**Task directions**. What is needed is the exact text of each line in the listing below from the one with "göğüs kafesimi genişleten" up to and including the one with "Wardrobe Lift /", and no pictures.

**Records for the task**.
═══
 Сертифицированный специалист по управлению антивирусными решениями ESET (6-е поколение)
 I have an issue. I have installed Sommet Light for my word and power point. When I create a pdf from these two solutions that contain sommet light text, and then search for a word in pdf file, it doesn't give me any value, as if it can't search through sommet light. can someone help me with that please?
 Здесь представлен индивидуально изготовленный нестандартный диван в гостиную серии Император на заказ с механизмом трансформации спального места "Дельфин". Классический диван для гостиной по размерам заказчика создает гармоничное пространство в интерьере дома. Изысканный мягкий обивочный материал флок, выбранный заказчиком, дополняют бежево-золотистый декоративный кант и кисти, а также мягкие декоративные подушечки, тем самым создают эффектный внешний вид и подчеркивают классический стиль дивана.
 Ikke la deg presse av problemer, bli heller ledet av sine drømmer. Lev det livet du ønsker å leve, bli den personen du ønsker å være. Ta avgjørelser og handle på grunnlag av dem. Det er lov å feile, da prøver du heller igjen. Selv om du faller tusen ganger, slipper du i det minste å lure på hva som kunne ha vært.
═══
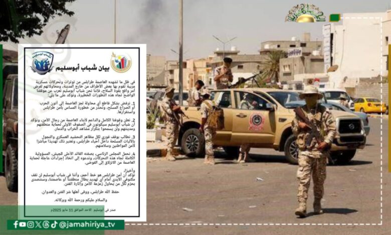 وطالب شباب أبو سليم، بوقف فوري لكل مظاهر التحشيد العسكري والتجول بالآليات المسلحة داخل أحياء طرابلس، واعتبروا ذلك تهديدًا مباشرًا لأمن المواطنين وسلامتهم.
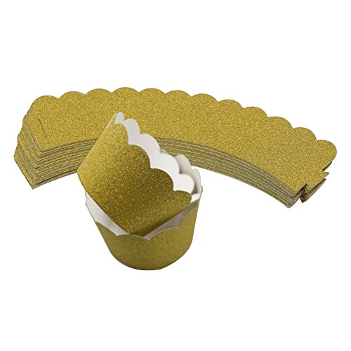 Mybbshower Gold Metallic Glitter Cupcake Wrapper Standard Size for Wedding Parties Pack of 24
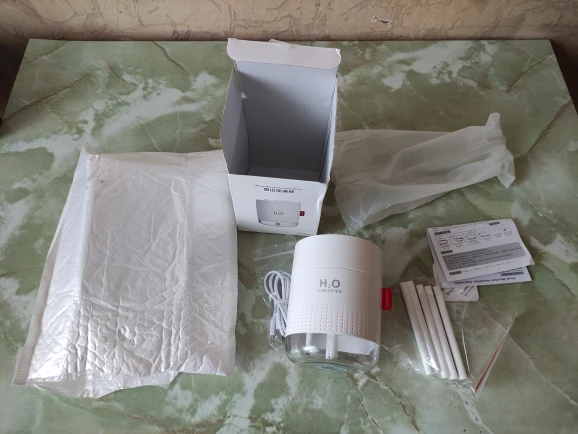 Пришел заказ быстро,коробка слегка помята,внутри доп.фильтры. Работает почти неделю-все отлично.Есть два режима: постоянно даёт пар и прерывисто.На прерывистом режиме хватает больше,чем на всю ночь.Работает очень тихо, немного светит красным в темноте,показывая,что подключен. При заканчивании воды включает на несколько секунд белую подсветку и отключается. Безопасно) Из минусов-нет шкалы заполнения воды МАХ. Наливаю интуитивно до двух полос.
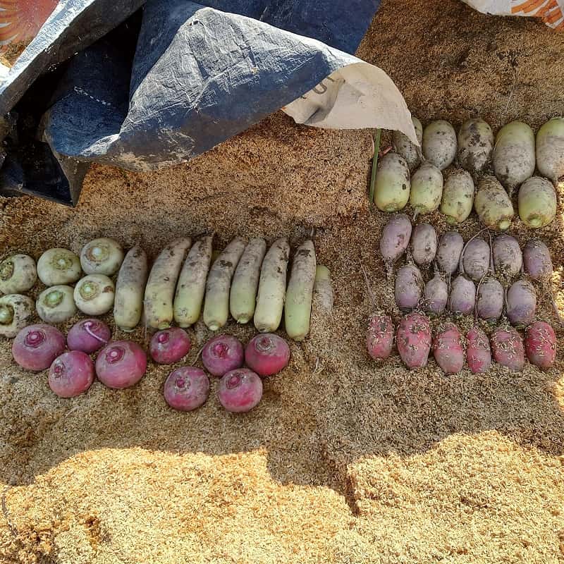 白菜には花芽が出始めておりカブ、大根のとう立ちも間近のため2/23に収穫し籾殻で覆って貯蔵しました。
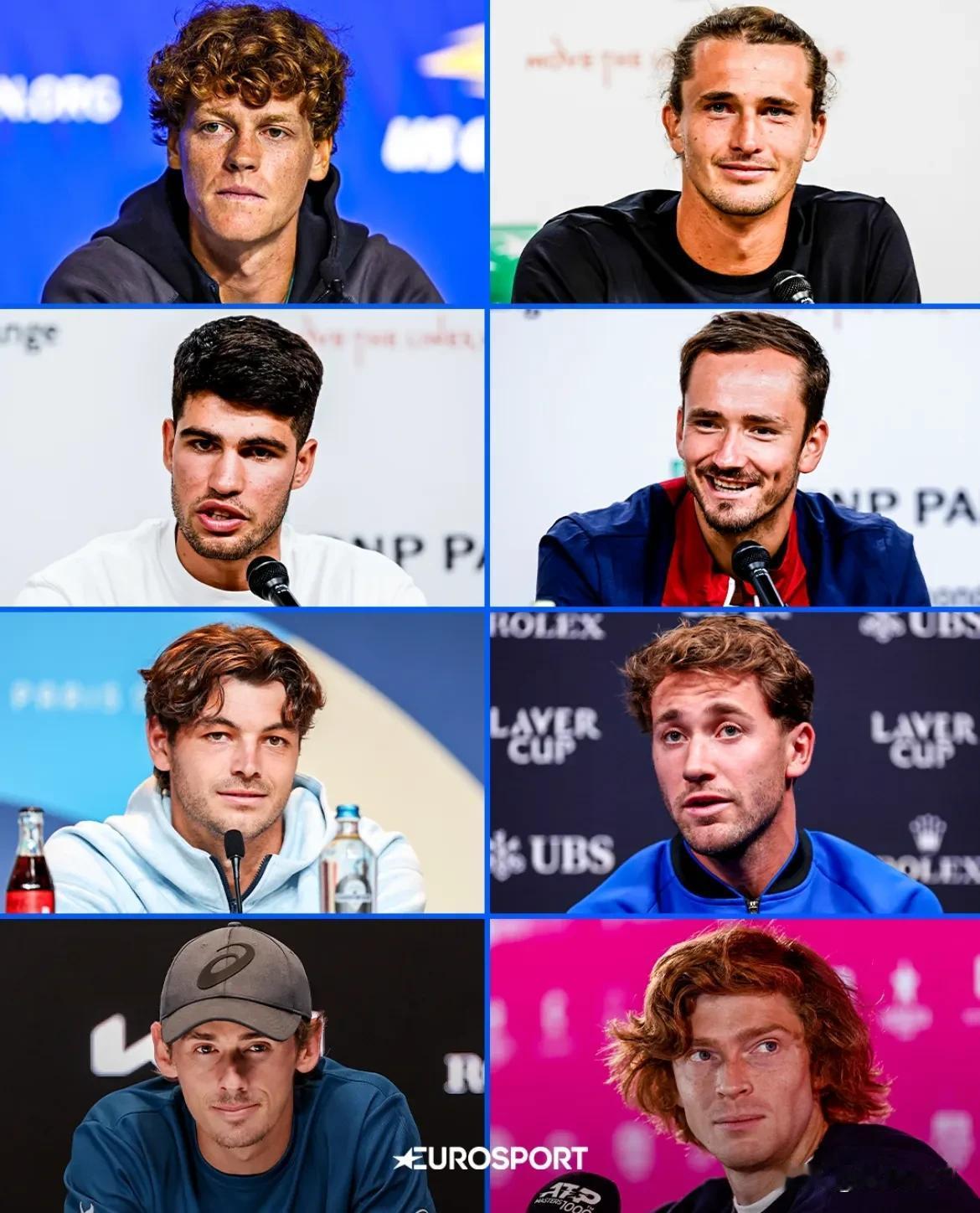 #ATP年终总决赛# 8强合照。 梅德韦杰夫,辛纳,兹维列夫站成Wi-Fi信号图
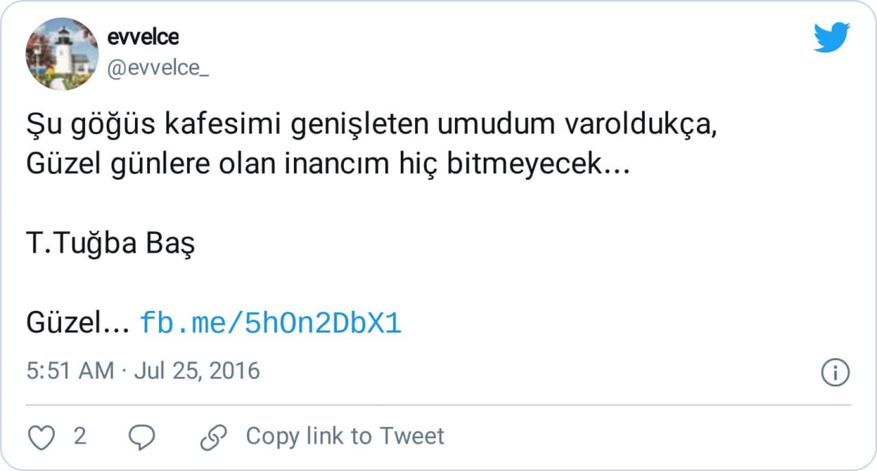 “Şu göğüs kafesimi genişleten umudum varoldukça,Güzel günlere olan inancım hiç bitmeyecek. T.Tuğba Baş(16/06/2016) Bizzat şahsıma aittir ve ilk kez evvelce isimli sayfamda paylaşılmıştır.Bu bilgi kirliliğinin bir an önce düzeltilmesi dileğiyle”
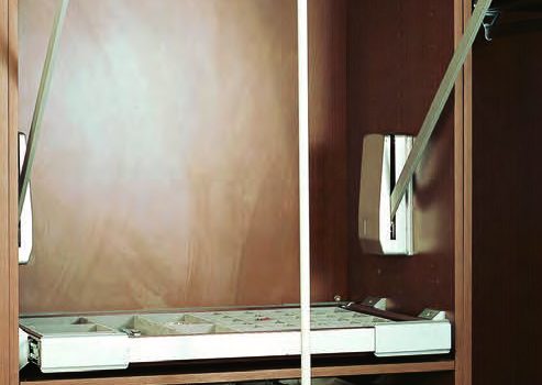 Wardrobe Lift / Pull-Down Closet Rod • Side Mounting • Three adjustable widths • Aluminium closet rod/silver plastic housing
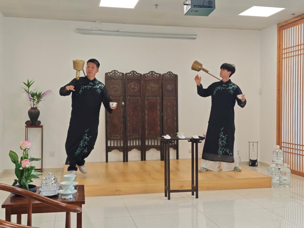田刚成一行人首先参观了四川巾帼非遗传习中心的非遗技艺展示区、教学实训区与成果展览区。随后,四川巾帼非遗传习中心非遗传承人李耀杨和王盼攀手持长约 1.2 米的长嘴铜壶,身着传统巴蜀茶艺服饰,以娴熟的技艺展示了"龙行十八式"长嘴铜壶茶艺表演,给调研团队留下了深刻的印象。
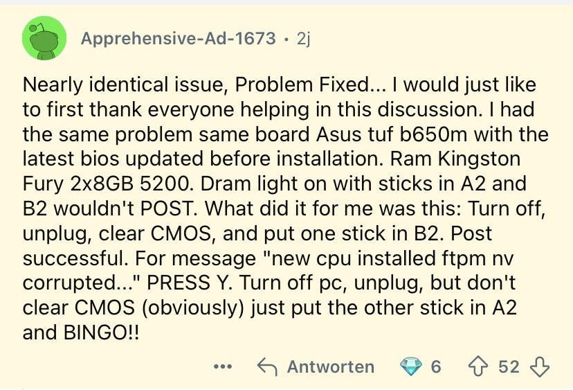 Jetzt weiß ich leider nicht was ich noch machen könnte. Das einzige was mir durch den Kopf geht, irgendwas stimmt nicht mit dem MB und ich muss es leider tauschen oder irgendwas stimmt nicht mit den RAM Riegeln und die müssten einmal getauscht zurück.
═══
**Solution to this exercise**.
 “Şu göğüs kafesimi genişleten umudum varoldukça,Güzel günlere olan inancım hiç bitmeyecek. T.Tuğba Baş(16/06/2016) Bizzat şahsıma aittir ve ilk kez evvelce isimli sayfamda paylaşılmıştır.Bu bilgi kirliliğinin bir an önce düzeltilmesi dileğiyle”
 Wardrobe Lift / Pull-Down Closet Rod • Side Mounting • Three adjustable widths • Aluminium closet rod/silver plastic housing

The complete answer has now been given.